The FDA has granted Emergency Use Authorization (EUA) to a number of treatments and therapies since the onset of the pandemic and these treatments have given hospitals a number of response options. Doctors and nurses are desperately trying to determine the optimal treatments regimens for each stage of the disease, however, there has not been a unified guidance or response by the medical community, often varying from hospital to hospital and physician to physician.
Promising Options Are Available
Some infectious disease specialists initially thought only a drug could be effective. In the early days of the pandemic, there was significant attention given to a variety of potential therapies however, the studies were often poorly designed, or lacked sufficient numbers to achieve statistical significance in the prevention and treatment of COVID-19. A variety of clinical trials are now underway to evaluate a wide array of potential therapeutics, some of which include Arbidol, Tocilizumab, Chloroquine/Hydroxychloroquine plus Zinc, Lopinavir, Favipiravir, Ivermectin, as well as many others.1 The antiviral drug Remdesivir, administered via IV by medical professionals, is currently undergoing clinical trials however it is not yet proven to increase survival rates in late stage disease. This lack of efficacy could be attributable to the fact that the host’s immunologic overresponse to the existing viral antigen load and cellular damage is actually the driving force toward poor clinical outcome and not continued viral replication. In addition, COVID-19 disease is leading to acute renal injury in some patients, which prevents many from receiving Remdesivir. Remdesivir was approved by the FDA on October 22, 2020, but the efficacy of the drug is still highly debated by the international medical community.

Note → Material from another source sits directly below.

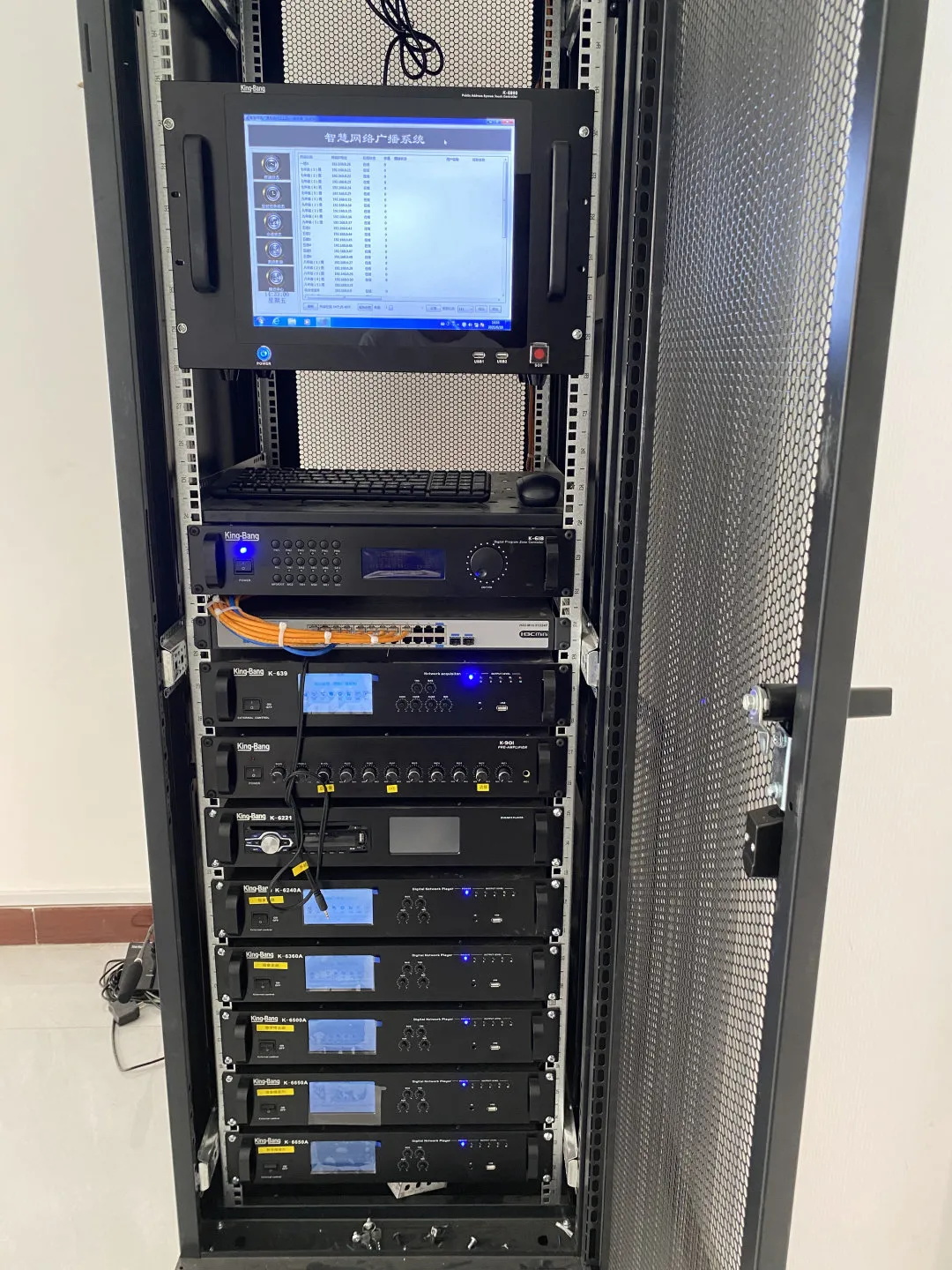 京邦電子(KING-BANG)干凈利落的機柜排列,實現(xiàn)設(shè)備的集中管理,更方便操控各類器材,更輕松進行管理和精確的控制。讓客戶通過簡單的操作,實現(xiàn)對各類系統(tǒng)設(shè)備的實時控制,輕松達到預(yù)想效果。

In addition to antiviral drugs, a medical device—a blood filter—is proving to be a reliable treatment for critically ill COVID-19 patients (i.e., patients with respiratory failure or those in the early stages of respiratory failure). The blood filter is designed to rapidly extract viruses, RNA, viral proteins, bacteria and other pathogens from the blood, thereby limiting the antigenic load placed upon the immune system and its overresponse to the infection. Interestingly, within a few hours of the treatment, the clinical status of a COVID-19 patient has been shown to improve significantly: Their blood pressure often stabilizes, body temperature and breathing rates normalize and oxygen saturation improves.2 Because the virus negatively affects the microcirculation of blood in the lungs, the importance of stabilizing pulmonary function and oxygen saturation is critical to reversing clinical outcomes. In a study, nearly three-quarters of the ‘Seraph 100 Blood Filter’ patients who had been on ventilators in the EU survived. A randomized clinical trial of treatment for COVID-19 is scheduled to start soon, funded by the Department of Defense (PURIFY OBS is an observational study specific to COVID19 patients. It will collect data to characterize clinical outcome/data on patients treated with Seraph Filter versus control for COVID19 patients.).

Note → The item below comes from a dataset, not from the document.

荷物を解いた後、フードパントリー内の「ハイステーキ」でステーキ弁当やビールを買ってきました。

With all of these options available, and others in the pipeline, we can be optimistic about the coming months as we continue to fight the pandemic using new drugs in combination with augmentation therapies, to include blood filtration.
- Nittari, G., et al. (September 5, 2020). “Current pharmacological treatments for SARS-COV-2: A narrative review”. European Journal of Pharmacology. Vol. 882, No. 5. doi: 10.1016/j.ejphar.2020.173328
- Olson, Stephen W., et al. “Treatment for Severe Coronavirus Disease 2019 With the Seraph-100 Microbind Affinity Blood Filter.” Critical Care Explorations 2.8 (2020).